### Exercise instructions:
In this exercise, print only the lines of the records below from the one with "Front Messing poliert" through the one with "見頃を迎えた校庭のあじさいを自由に。水盤のあるおかげで匂を逃さず生けられます。", inclusive. Pictures are not part of the copy.

### Supplied records:
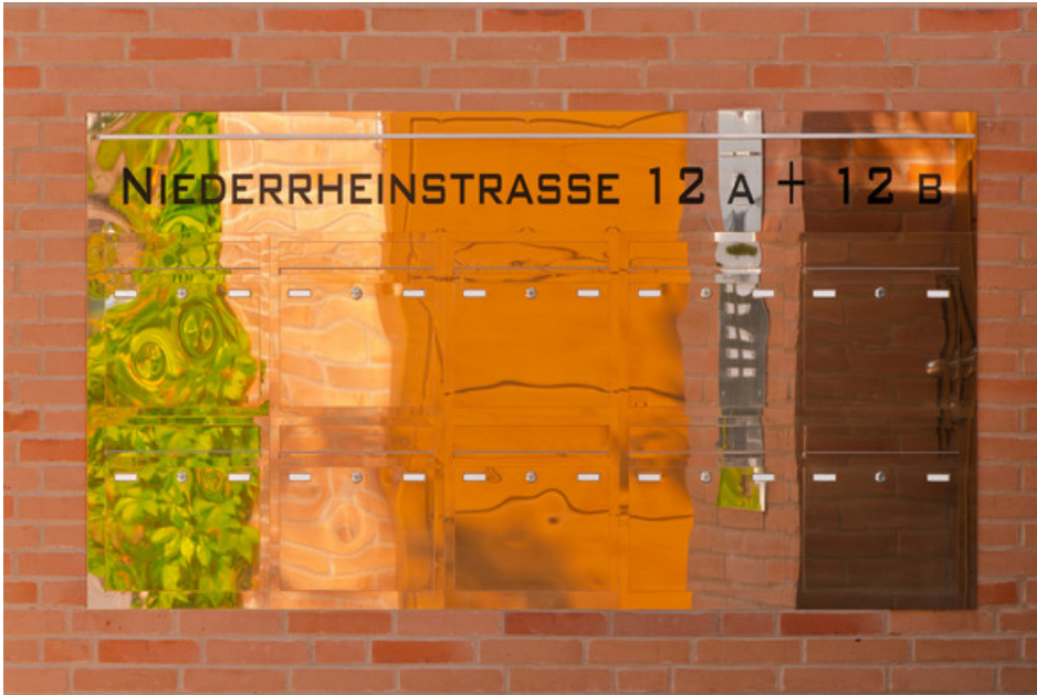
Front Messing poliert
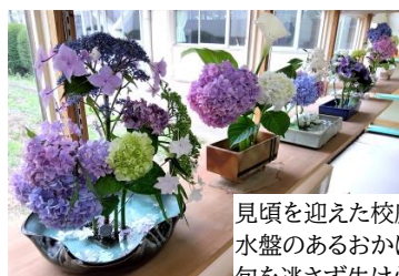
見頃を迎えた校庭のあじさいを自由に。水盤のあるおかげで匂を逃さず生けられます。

==

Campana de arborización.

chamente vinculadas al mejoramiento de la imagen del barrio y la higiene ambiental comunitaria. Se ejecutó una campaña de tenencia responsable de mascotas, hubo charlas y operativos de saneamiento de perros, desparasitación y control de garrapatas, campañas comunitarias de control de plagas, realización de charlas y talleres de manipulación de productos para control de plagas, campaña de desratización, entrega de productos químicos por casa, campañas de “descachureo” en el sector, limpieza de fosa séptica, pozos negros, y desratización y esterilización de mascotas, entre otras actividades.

### Response to this task:
Front Messing poliert
見頃を迎えた校庭のあじさいを自由に。水盤のあるおかげで匂を逃さず生けられます。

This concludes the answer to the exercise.